Exclude the pictures, then restate exactly each line of the data below from the first through the line containing "47cm/s -103T +4cm/s".

++++ DATA FOR REVIEW

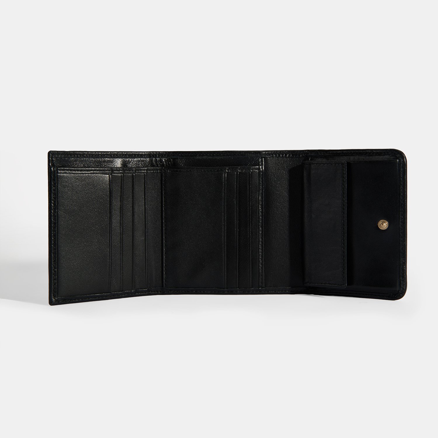 6 kredi kartı için özel bölme, çıtçıtlı bozuk para bölmesi ve kağıt para bölmesi bulunmaktadır.
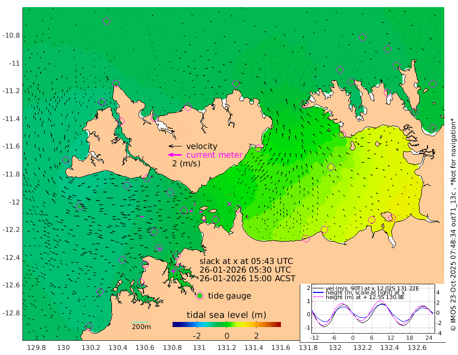 47cm/s -103T +4cm/s rms + 6cm/s 51T. Darwin_C1 52m 23cm/s -90T +4cm/s rms + 7cm/s -161T. Darwin_CW1 22m 46cm/s -110T +4cm/s rms + 8cm/s 61T. Darwin_CW2 34m 10cm/s -72T +3cm/s rms + 9cm/s 98T. Darwin_CW3 22m 46cm/s -94T +5cm/s rms + 7cm/s 88T. Darwin_C3 56m 26cm/s -118T +2cm/s rms + 9cm/s -126T. Darwin_CTbW 22m 44cm/s -89T +1cm/s rms + 1cm/s -47T. DARBGF 30m 43cm/s -60T +4cm/s rms + 3cm/s 80T. NRSDAR 19m -42cm Goodrich Bank -57cm Point Jenny -61cm Native Point -65cm Fish Reef -61cm Tapa Bay -62cm Point Fawcett (Offshore) -64cm Burge Point -89cm Munkunuwa -56cm Beagle A -71cm Parsons Bank -52cm Fenton Patches -42cm Hancox Shoal Area -45cm Nightcliff -61cm Darwin -63cm Charles Point Patches 5cm Glyde Point 82cm Chambers Bay 90cm Point Stuart 28cm Cape Hotham 78cm Christine Reef 107cm West Alligator Head 142cm East Field Island 49cm Two Hills Bay 49cm Camp Point -74cm Medina Inlet South -75cm South Barlow Point -58cm St. Asaph Bay -49cm Cape Van Dieman -56cm Snake Bay -37cm Cache Point -31cm Point Jahleel (Off) -17cm Cape Don -37cm Port Essington -35cm Smith Point - West -32cm NW Peacock Island -31cm North Of Jones Shoal -11cm Peacock Island -28cm Point David -36cm D'urville Point -23cm Copeland Island -28cm One Tree Point
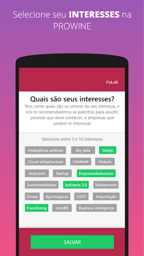 Application of PROWINE SP, the main professional fair for wines and spirits in Latin America. Exclusive to industry professionals.
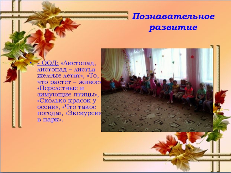 - ООД: «Листопад, листопад – листья желтые летят», «То, что
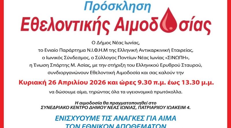 Η Εθελοντική Αιμοδοσία θα πραγματοποιηθεί την Κυριακή 26 Απριλίου και ώρες 9.30 έως 13.30 στο Συνεδριακό Κέντρο του Δήμου Πατριάρχου Ιωακείμ 4 Νέα Ιωνία πλησίον Σταθμού ΗΣΑΠ Νέας Ιωνίας
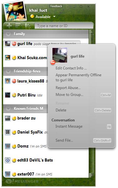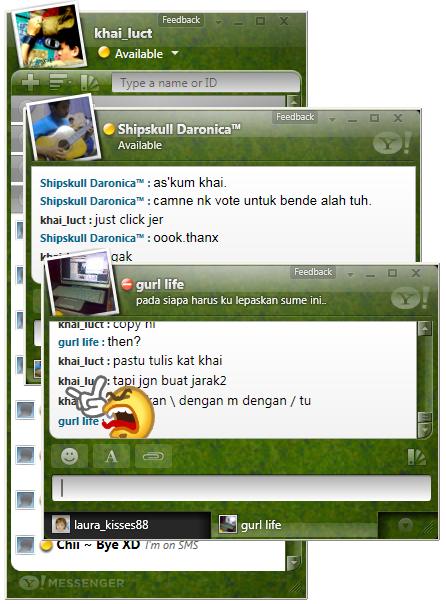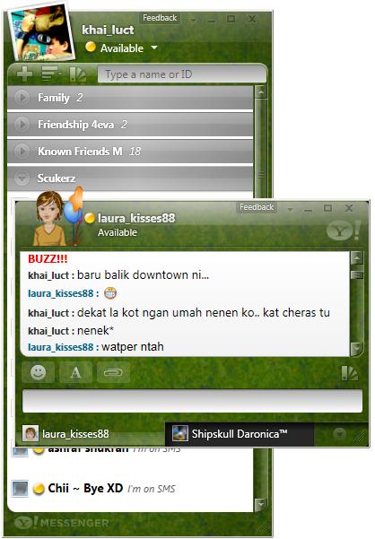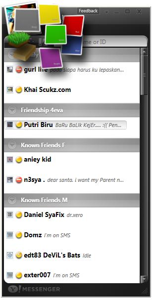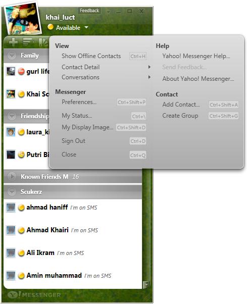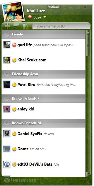 Tapi sebelum tu, meh Khai tunjukkan sikit screenshot Yahoo!Messenger Vista ni yang pasti membuatkan lubang hidung korang kembang kempis. Untuk gambar sebenar, just click satu persatu thumbnails di bawah and penerangai kat bawah tu nanti berdasarkan number thumbnails apabila korang hover guna mouse.

++++++++

● **ANSWER BOX**:
 6 kredi kartı için özel bölme, çıtçıtlı bozuk para bölmesi ve kağıt para bölmesi bulunmaktadır.
 47cm/s -103T +4cm/s rms + 6cm/s 51T. Darwin_C1 52m 23cm/s -90T +4cm/s rms + 7cm/s -161T. Darwin_CW1 22m 46cm/s -110T +4cm/s rms + 8cm/s 61T. Darwin_CW2 34m 10cm/s -72T +3cm/s rms + 9cm/s 98T. Darwin_CW3 22m 46cm/s -94T +5cm/s rms + 7cm/s 88T. Darwin_C3 56m 26cm/s -118T +2cm/s rms + 9cm/s -126T. Darwin_CTbW 22m 44cm/s -89T +1cm/s rms + 1cm/s -47T. DARBGF 30m 43cm/s -60T +4cm/s rms + 3cm/s 80T. NRSDAR 19m -42cm Goodrich Bank -57cm Point Jenny -61cm Native Point -65cm Fish Reef -61cm Tapa Bay -62cm Point Fawcett (Offshore) -64cm Burge Point -89cm Munkunuwa -56cm Beagle A -71cm Parsons Bank -52cm Fenton Patches -42cm Hancox Shoal Area -45cm Nightcliff -61cm Darwin -63cm Charles Point Patches 5cm Glyde Point 82cm Chambers Bay 90cm Point Stuart 28cm Cape Hotham 78cm Christine Reef 107cm West Alligator Head 142cm East Field Island 49cm Two Hills Bay 49cm Camp Point -74cm Medina Inlet South -75cm South Barlow Point -58cm St. Asaph Bay -49cm Cape Van Dieman -56cm Snake Bay -37cm Cache Point -31cm Point Jahleel (Off) -17cm Cape Don -37cm Port Essington -35cm Smith Point - West -32cm NW Peacock Island -31cm North Of Jones Shoal -11cm Peacock Island -28cm Point David -36cm D'urville Point -23cm Copeland Island -28cm One Tree Point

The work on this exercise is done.